→ **EXERCISE OBJECTIVE**: In the entries below, which lines run from the one containing "Het heeft wel" to the one containing "(1) 如何快速甄别战略实施"? Copy exactly those lines, ends included, and no others.

→ **SOURCE MATERIAL**:

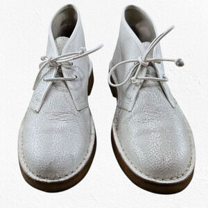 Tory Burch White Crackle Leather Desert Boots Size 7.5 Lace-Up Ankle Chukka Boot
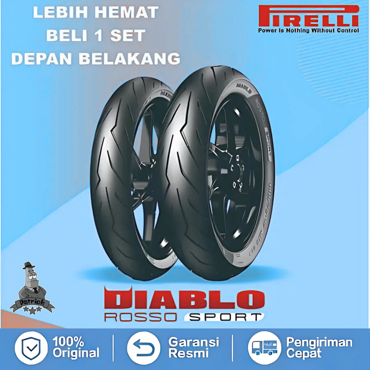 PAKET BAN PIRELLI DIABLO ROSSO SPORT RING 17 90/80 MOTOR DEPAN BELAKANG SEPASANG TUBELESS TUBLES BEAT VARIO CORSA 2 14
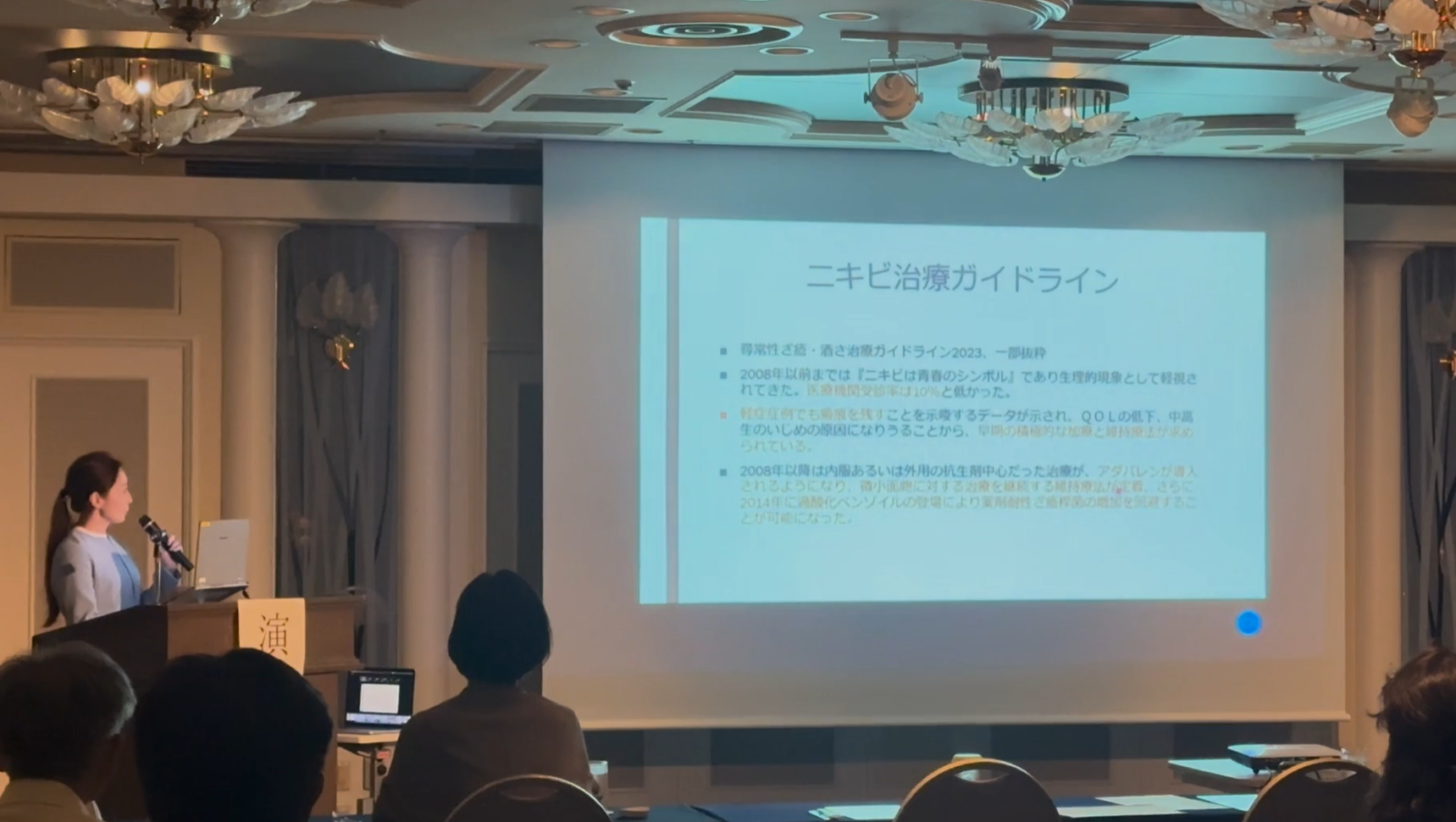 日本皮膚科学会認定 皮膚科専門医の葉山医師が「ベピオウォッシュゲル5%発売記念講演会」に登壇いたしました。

---

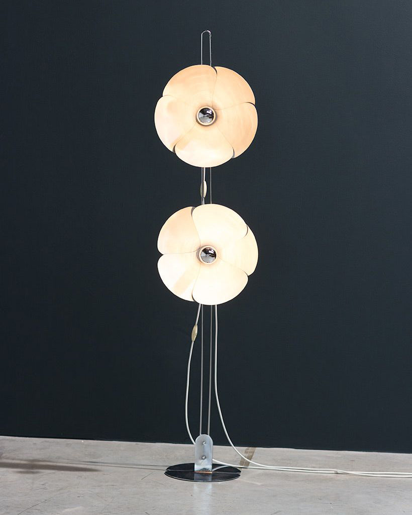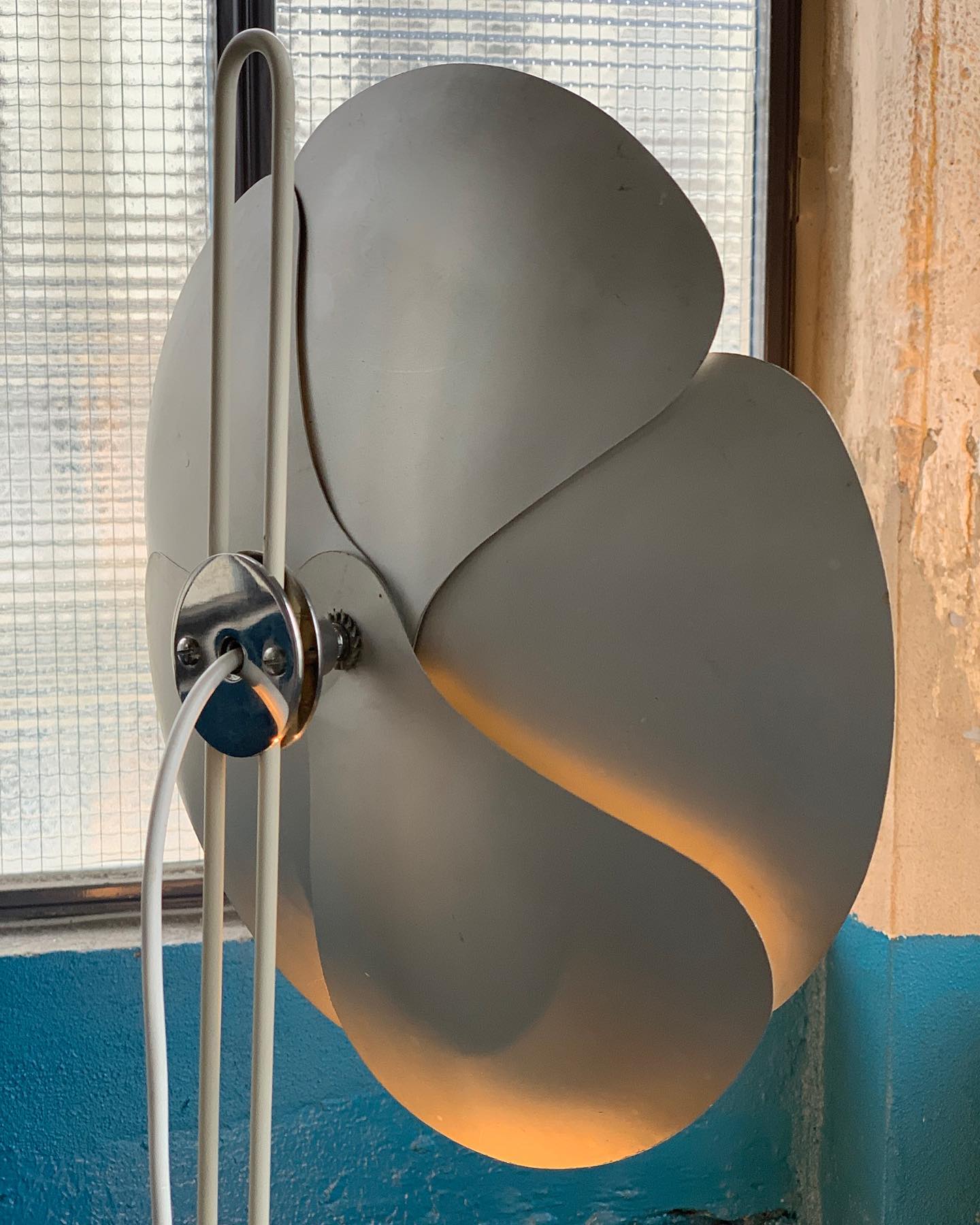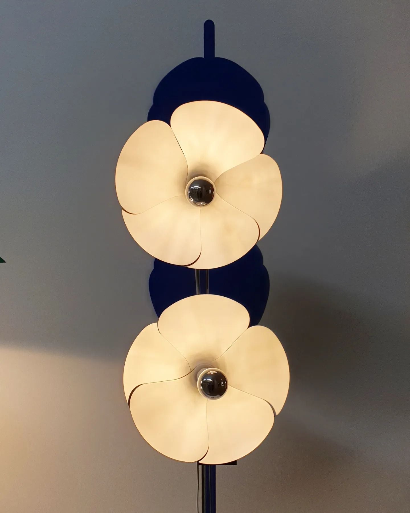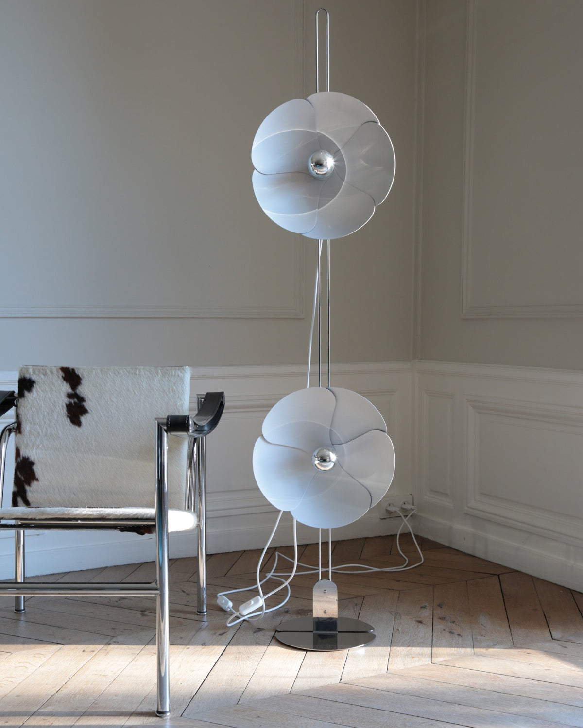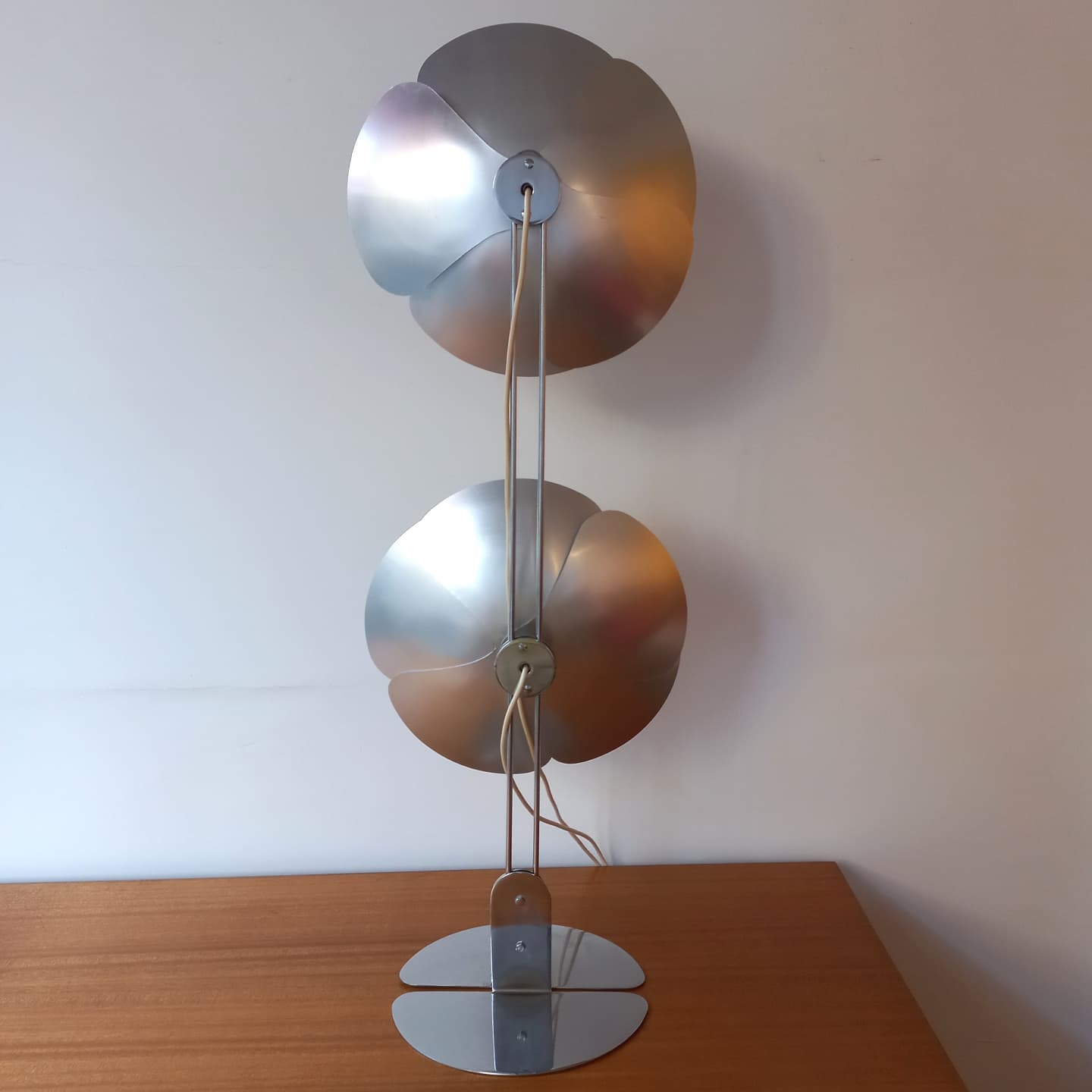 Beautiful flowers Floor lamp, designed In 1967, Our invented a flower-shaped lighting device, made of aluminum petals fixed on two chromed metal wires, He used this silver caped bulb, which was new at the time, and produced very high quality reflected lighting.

* * *

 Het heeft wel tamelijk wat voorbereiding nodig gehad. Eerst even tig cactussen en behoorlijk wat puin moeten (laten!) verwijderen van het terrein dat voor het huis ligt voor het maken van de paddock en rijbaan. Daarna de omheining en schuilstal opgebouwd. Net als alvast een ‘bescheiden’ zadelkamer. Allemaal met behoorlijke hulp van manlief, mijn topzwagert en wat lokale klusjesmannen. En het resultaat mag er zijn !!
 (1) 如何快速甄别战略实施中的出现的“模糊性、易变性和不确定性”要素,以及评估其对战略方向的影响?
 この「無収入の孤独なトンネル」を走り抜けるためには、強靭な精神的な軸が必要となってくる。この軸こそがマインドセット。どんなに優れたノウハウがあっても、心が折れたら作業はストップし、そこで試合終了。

→ **SOLUTION BELOW**:
 Het heeft wel tamelijk wat voorbereiding nodig gehad. Eerst even tig cactussen en behoorlijk wat puin moeten (laten!) verwijderen van het terrein dat voor het huis ligt voor het maken van de paddock en rijbaan. Daarna de omheining en schuilstal opgebouwd. Net als alvast een ‘bescheiden’ zadelkamer. Allemaal met behoorlijke hulp van manlief, mijn topzwagert en wat lokale klusjesmannen. En het resultaat mag er zijn !!
 (1) 如何快速甄别战略实施中的出现的“模糊性、易变性和不确定性”要素,以及评估其对战略方向的影响?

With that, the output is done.